#### SUPPLIED MATERIAL
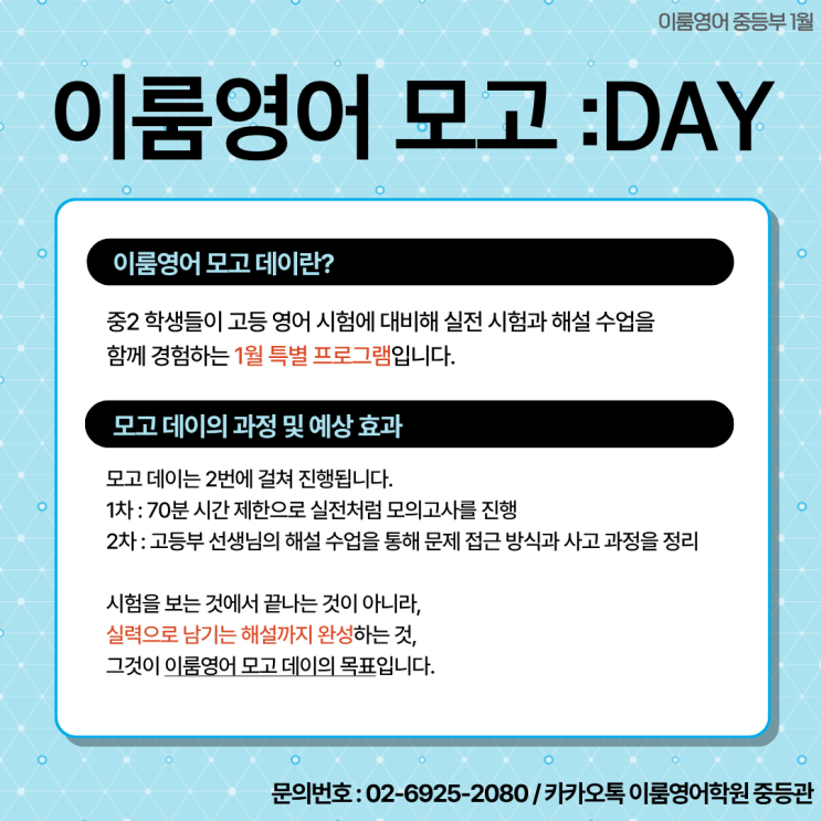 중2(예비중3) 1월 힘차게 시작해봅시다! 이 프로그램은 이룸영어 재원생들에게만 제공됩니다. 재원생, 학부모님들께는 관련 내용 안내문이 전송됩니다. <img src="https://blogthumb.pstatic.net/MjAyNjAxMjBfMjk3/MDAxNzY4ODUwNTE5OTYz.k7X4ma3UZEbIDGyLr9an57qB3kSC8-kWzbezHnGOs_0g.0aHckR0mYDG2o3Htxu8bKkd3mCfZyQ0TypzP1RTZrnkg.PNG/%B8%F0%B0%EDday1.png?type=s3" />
########
#### SUPPLIED MATERIAL
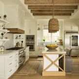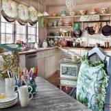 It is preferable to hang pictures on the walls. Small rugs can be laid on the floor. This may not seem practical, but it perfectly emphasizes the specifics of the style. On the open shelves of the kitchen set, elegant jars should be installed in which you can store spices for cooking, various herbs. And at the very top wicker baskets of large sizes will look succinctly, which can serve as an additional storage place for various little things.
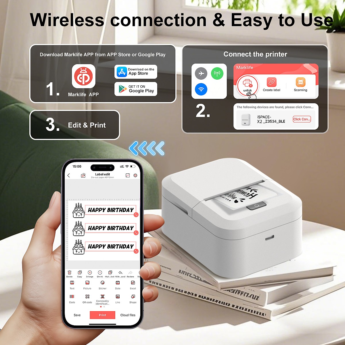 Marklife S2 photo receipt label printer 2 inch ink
########
Quote the lines above exactly, starting with the one that has "It is preferable" and ending with the one that has "Marklife S2 photo"; drop the pictures and include nothing else.

 It is preferable to hang pictures on the walls. Small rugs can be laid on the floor. This may not seem practical, but it perfectly emphasizes the specifics of the style. On the open shelves of the kitchen set, elegant jars should be installed in which you can store spices for cooking, various herbs. And at the very top wicker baskets of large sizes will look succinctly, which can serve as an additional storage place for various little things.
 Marklife S2 photo receipt label printer 2 inch ink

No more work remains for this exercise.